## Work order:
Copy all the lines of the listing below exactly. Skip the images.

## Stored data:
____
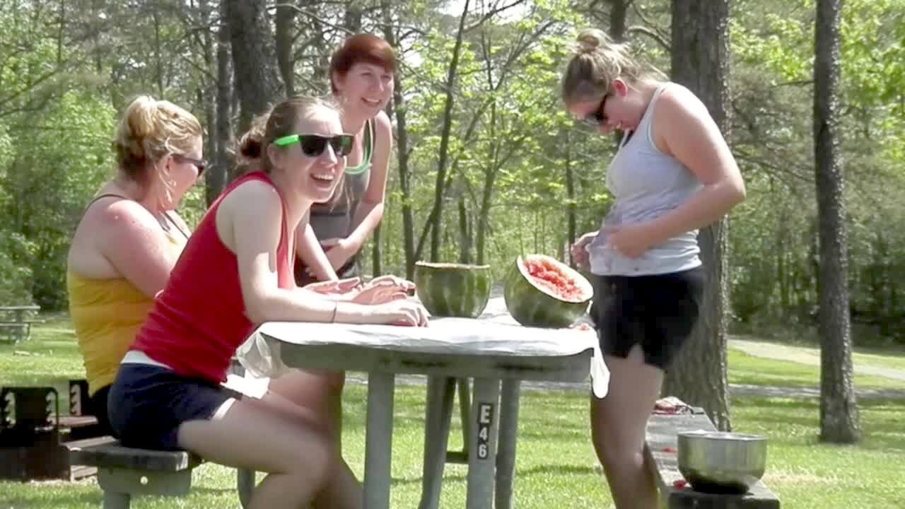 Several women put rubber bands around a watermelon on a bench until it explodes until :13.
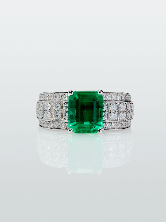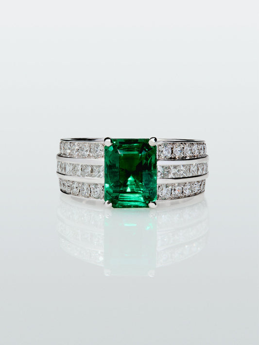 18K white gold ring with octagonal cut emerald of 2.522 cts, 44 brilliant cut diamonds with a total of 0.81 cts and 12 princess cut diamonds with a total of 0.76 cts
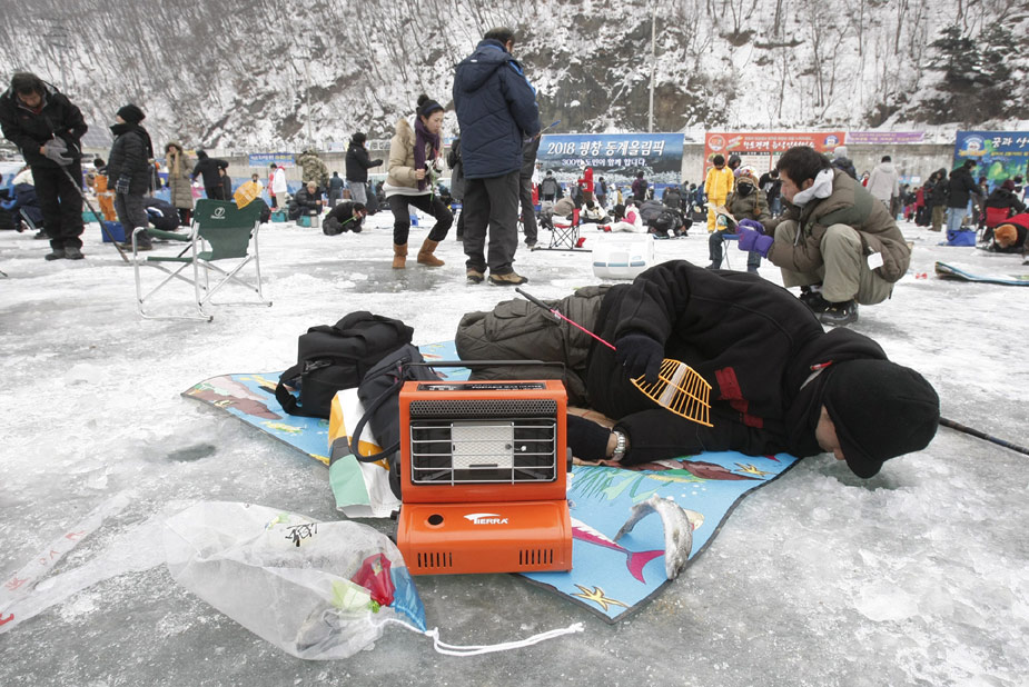 2010年1月9日,韓國華川郡,一年一度的華川山鱒魚節(jié)當(dāng)日舉行。數(shù)千游客在此“破冰”比賽釣鱘魚。該活動(dòng)每年都會(huì)吸引上百萬游客前來。
____
## Result below:
 Several women put rubber bands around a watermelon on a bench until it explodes until :13.
 18K white gold ring with octagonal cut emerald of 2.522 cts, 44 brilliant cut diamonds with a total of 0.81 cts and 12 princess cut diamonds with a total of 0.76 cts
 2010年1月9日,韓國華川郡,一年一度的華川山鱒魚節(jié)當(dāng)日舉行。數(shù)千游客在此“破冰”比賽釣鱘魚。該活動(dòng)每年都會(huì)吸引上百萬游客前來。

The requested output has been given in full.